In this project, Natural Language Toolkit (nltk) is used to perform text processing and vectorization. Vectorized corpus were then fed to 3 machine learning models (Naive Bayes, SVC and Random Forest) for classification.

Dataset Used

Dataset gotten from UCI Machine Learning Repository

Basic EDA

import nltk
import pandas as pd
import matplotlib.pyplot as plt
import seaborn as sns
sns.set_style('whitegrid')

messages = pd.read_csv('smsspamcollection/SMSSpamCollection', sep='\t', names=["label", "message"])
messages.head(10)

sns.countplot(data=messages,x='label')
plt.show()

# explore the length of messages
messages['length'] = messages['message'].apply(len)
messages.describe()

plot = messages[messages['length'] < 250]

plt.figure(figsize=(11,7))
sns.histplot(data=plot,x='length',hue='label')
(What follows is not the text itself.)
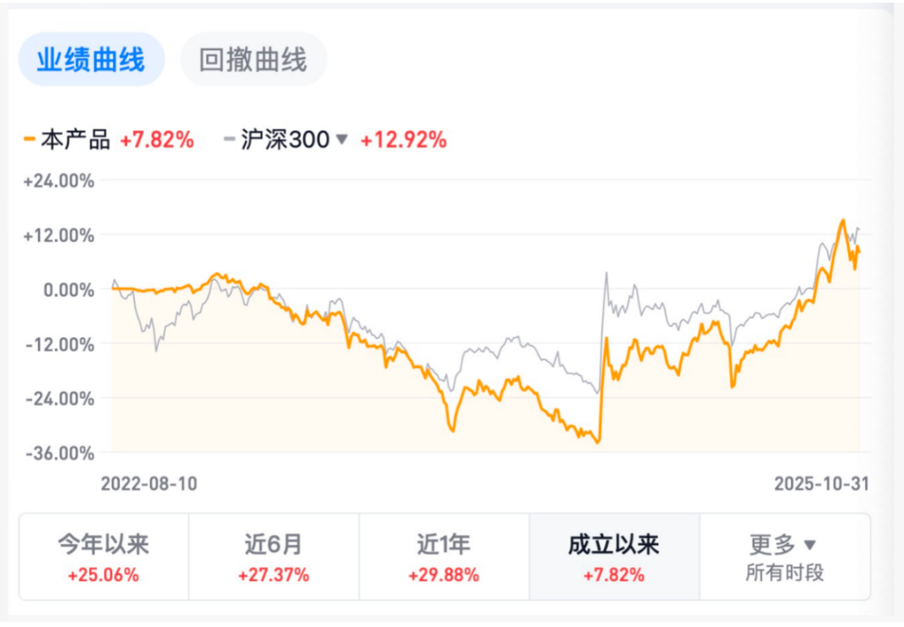雪球数据显示,截至10月31日,最新净值为1.0783元,累计收益7.82%。成立以来最大回撤36%,今年以来收益25%。夏普比率0.04,属中高风险“主观股多”策略。

Text Processing & Model Building

# define a function to remove non-words & stopwords
from nltk.corpus import stopwords

def clean_tokenize(string):
    word = [s.lower() for s in string.split() if s.lower() not in stopwords.words('english') 
            and s.isalpha()==True]
    return word

Next, we perform train test split and create a pipeline to carry out the workflow of vectorization, TF-IDF transformation, model fitting and prediction.

# train test split
from sklearn.model_selection import train_test_split
X_train, X_test, y_train, y_test = train_test_split(messages['message'], messages['label'], test_size=0.3)

# set up a pipeline
from sklearn.pipeline import Pipeline
from sklearn.feature_extraction.text import CountVectorizer
from sklearn.feature_extraction.text import TfidfTransformer
from sklearn.naive_bayes import MultinomialNB
from sklearn.ensemble import RandomForestClassifier
from sklearn.svm import SVC
from sklearn.metrics import classification_report, confusion_matrix

model = [MultinomialNB(), RandomForestClassifier(), SVC()]
result = {}
for m in model:
    pipeline = Pipeline([
        ('bow', CountVectorizer(analyzer=clean_tokenize)), 
        ('tfidf', TfidfTransformer()),
        ('classifier', m)])
    pipeline.fit(X_train, y_train)
    y_pred = pipeline.predict(X_test)
    result[m] = classification_report(y_test,y_pred)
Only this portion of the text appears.